- _Exercise aim_
With images removed, return the whole listing exactly as written.

- _Provided material_
########################################

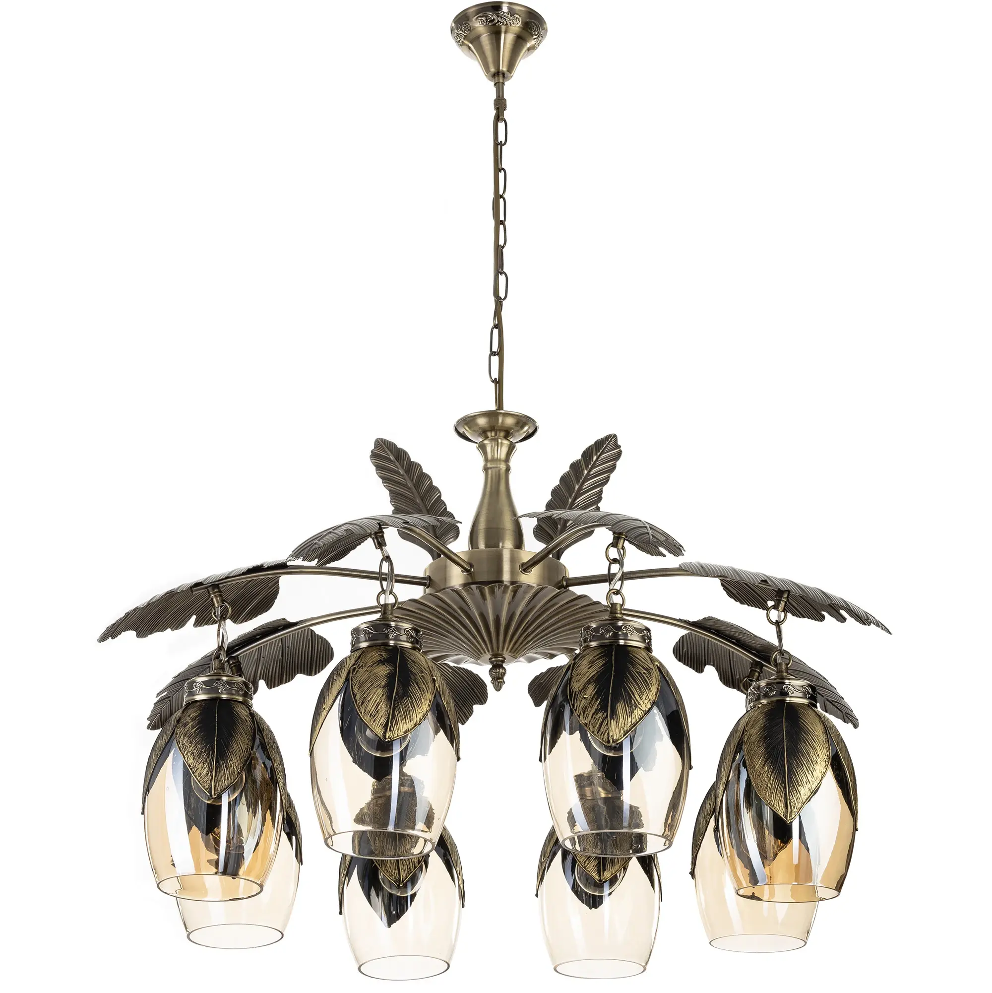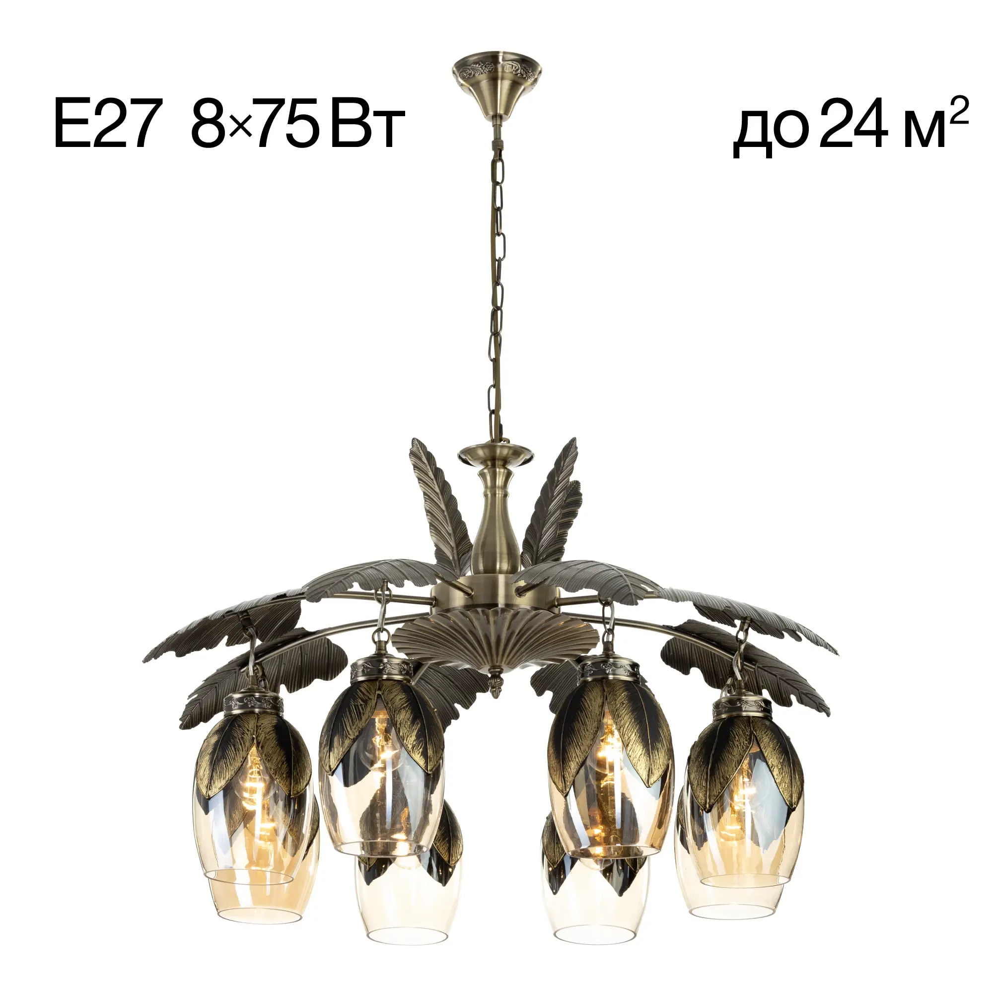 Люстра прекрасно подойдет для оформления самых разных интерьеров - от атмосферных гостиных и просторных залов до кухни, кабинета, кафе или ресторана. В изделии 8 ламп с цоколем Е27 максимальной мощностью для ламп накаливания 75Вт (в комплект не входят, приобретаются отдельно).
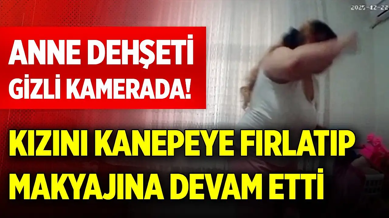 Anne dehşeti gizli kamerada! Kızını kanepeye fırlatıp makyajına devam etti
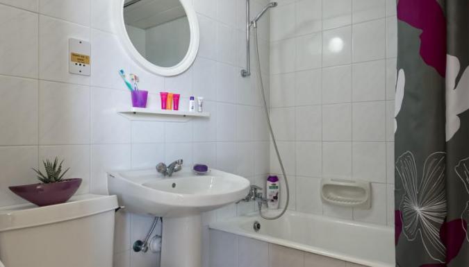 Ванна/душ, туалет, полностью оборудованная кухня (плита с духовкой, холодильник, электрический чайник и тостер), кондиционер, радио, телефон.

########################################

- _Solution for this task_
 Люстра прекрасно подойдет для оформления самых разных интерьеров - от атмосферных гостиных и просторных залов до кухни, кабинета, кафе или ресторана. В изделии 8 ламп с цоколем Е27 максимальной мощностью для ламп накаливания 75Вт (в комплект не входят, приобретаются отдельно).
 Anne dehşeti gizli kamerada! Kızını kanepeye fırlatıp makyajına devam etti
 Ванна/душ, туалет, полностью оборудованная кухня (плита с духовкой, холодильник, электрический чайник и тостер), кондиционер, радио, телефон.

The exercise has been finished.